Résumé :
Celui qui croyait se divertir entre amis au spectacle notoire d’un doux dingue des lettres se retrouve piégé, pire qu’un moucheron dans l’étau poisseux d’une plante carnivore. Le narrateur de L’Épris littéraire, jeune auteur démuni, se laisse entraîner à visiter l’appartement où vit reclus, servi par une digne copie de sa bonne Céleste, un authentique clone de Marcel Proust. De fait, rien ne manque : calfeutrage, tisane, manuscrits épars, physique déconfit, quintes de toux et mobilier d’époque. L’endroit se visite comme une étape touristique dont il devient un habitué. Mais c’est sur Céleste que notre romancier, aussi charitable qu’en panne d’inspiration, ne tarde pas à braquer ses regards ; une Céleste boiteuse, tatoué et silencieuse. Il en devient l’amant et bien plus encore, au point de n’être plus, à force d’empathie et de candeur, que l’objet soumis d’un processus pervers.

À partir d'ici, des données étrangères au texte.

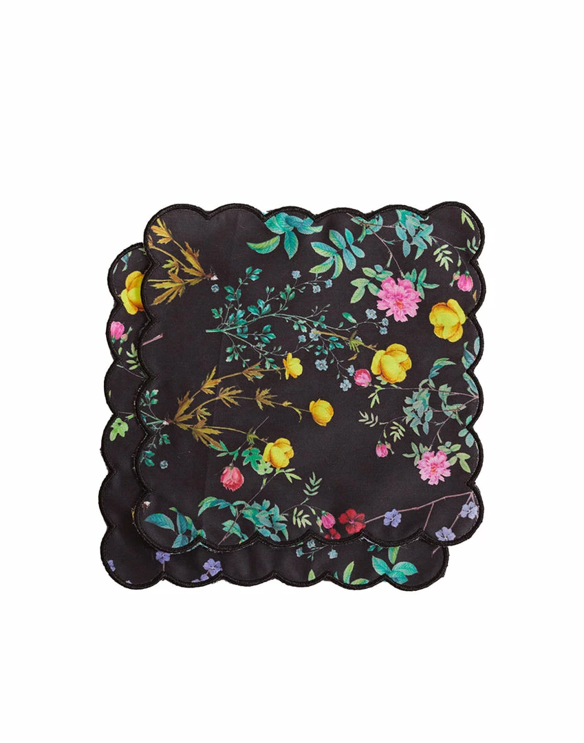 Printed cotton cocktail napkins with scallop embroidered edge.

Telle est la leçon du petit théâtre de la cruauté que nous sert sur un plateau Julien Leschiera qui, avec l’impitoyable rigueur d’un Polanski et le ritualisme glaçant d’un Buñuel, exhibe l’asservissement psychique d’un individu consentant, passant du statut de simple visiteur au rôle de victime jetée en pâture au machiavélisme méticuleux d’une créature pitoyable et sadique. Autant Mes vies parallèles, son premier roman au Dilettante, récit des tribulations affectives et sociales d’un ectoplasme placide, relevait d’un burlesque relatif, autant ce second récit étreint le lecteur avec l’inexorable patience d’un sable mouvant, l’appétit effroyable du boa qui engloutit la chèvre : le roman hallucinant d’une dévoration psychologique.